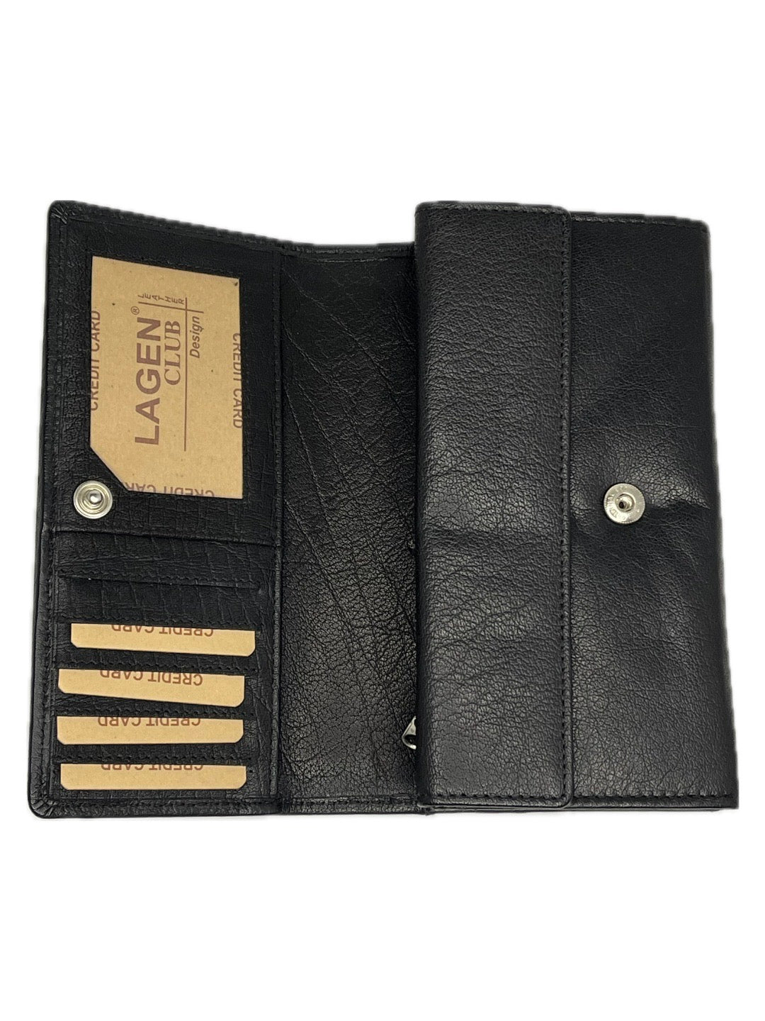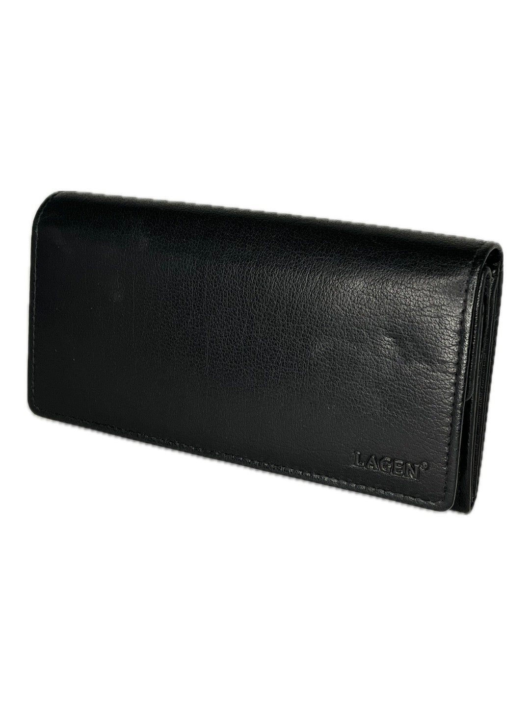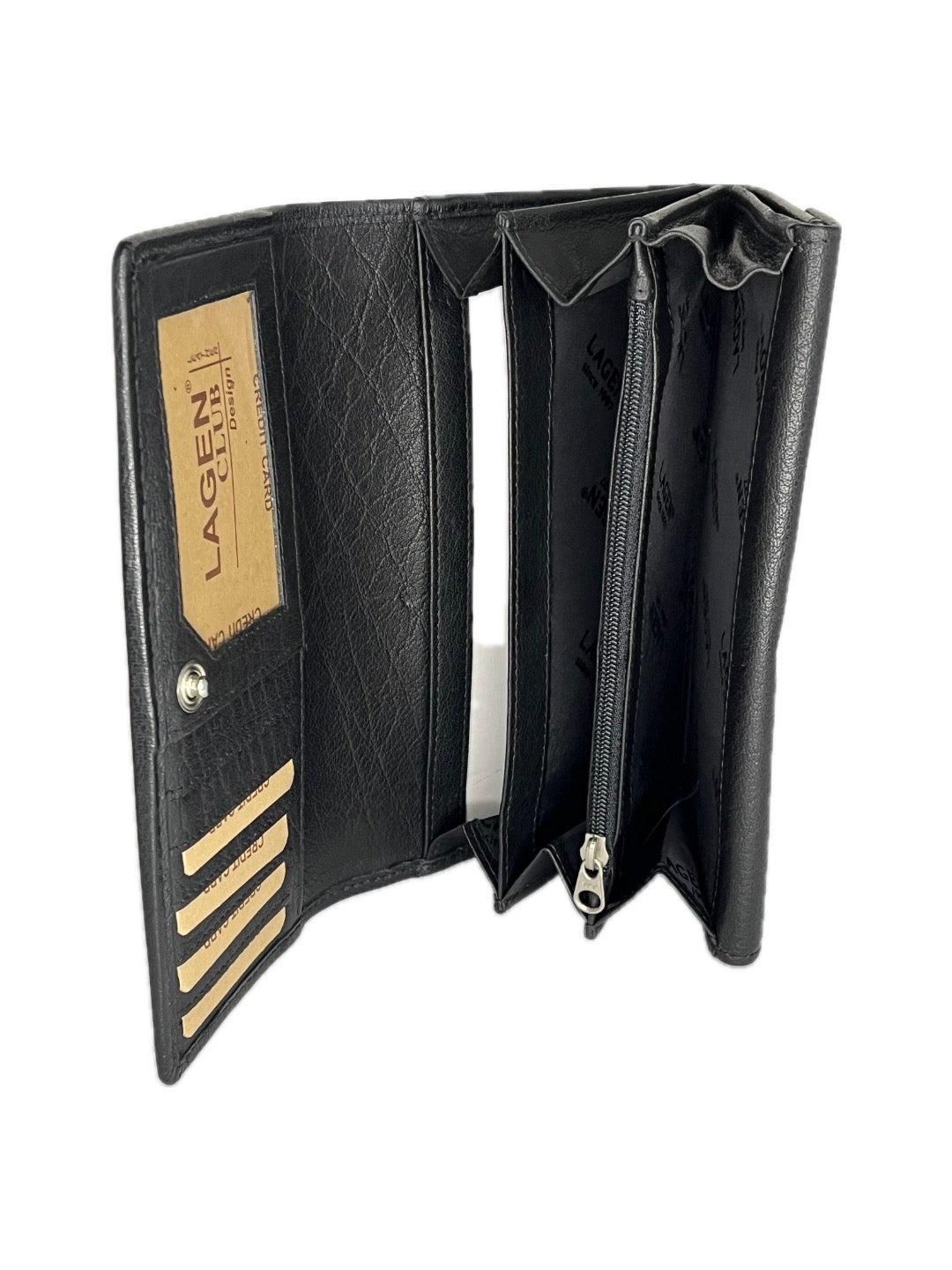 Kožená peněženka české firmy Lagen. 3 přihrádky na bankovky, 5 na doklady a 6 na karty. Přihrádka na mince uzavíratelná klopnou s magnetem.
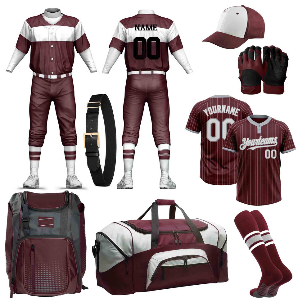 Custom Design Baseball Uniform Sets Maroon And White Color Adult Team Softball Uniform Kits With Custom Team Name And Number
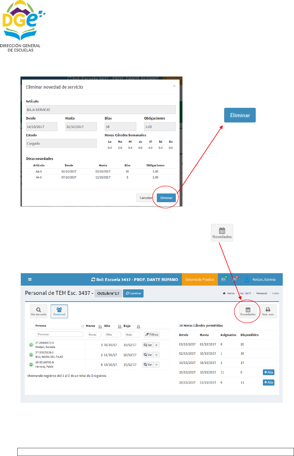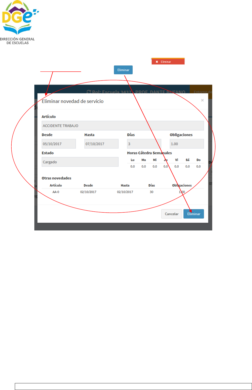 Si desea eliminar la novedad ingresada debe hacer clic en donde le mostrará los
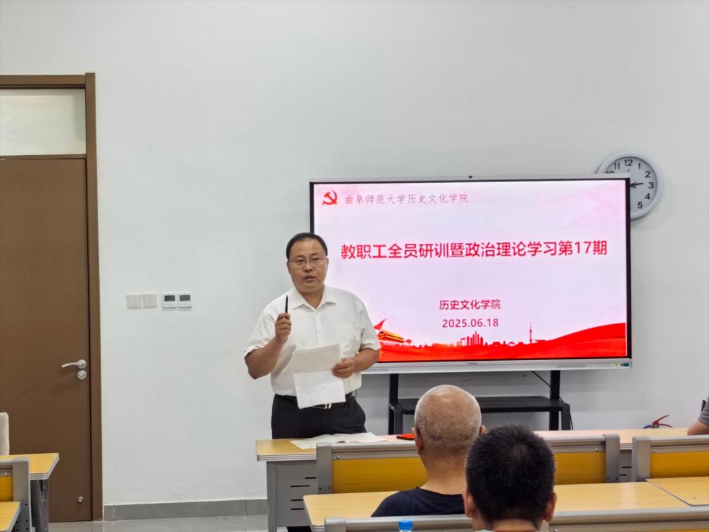 2025年6月18日下午,香港赛马会投注站 在孔子书院B120教室举行教职工全员研训暨政治理论学习第17期活动。活动由香港赛马会投注站 党委书记姜开勇主持,香港赛马会投注站 党委学习委员孙锋领学,在校教师近60人参加研训。

------------------------------------

• **WHAT YOU WILL DO**:
Write each line exactly as it appears, from the line that holds "Custom Design Baseball" through the closing line of the data above, and leave every picture out.

• **WRITTEN RESPONSE**:
 Custom Design Baseball Uniform Sets Maroon And White Color Adult Team Softball Uniform Kits With Custom Team Name And Number
 Si desea eliminar la novedad ingresada debe hacer clic en donde le mostrará los
 2025年6月18日下午,香港赛马会投注站 在孔子书院B120教室举行教职工全员研训暨政治理论学习第17期活动。活动由香港赛马会投注站 党委书记姜开勇主持,香港赛马会投注站 党委学习委员孙锋领学,在校教师近60人参加研训。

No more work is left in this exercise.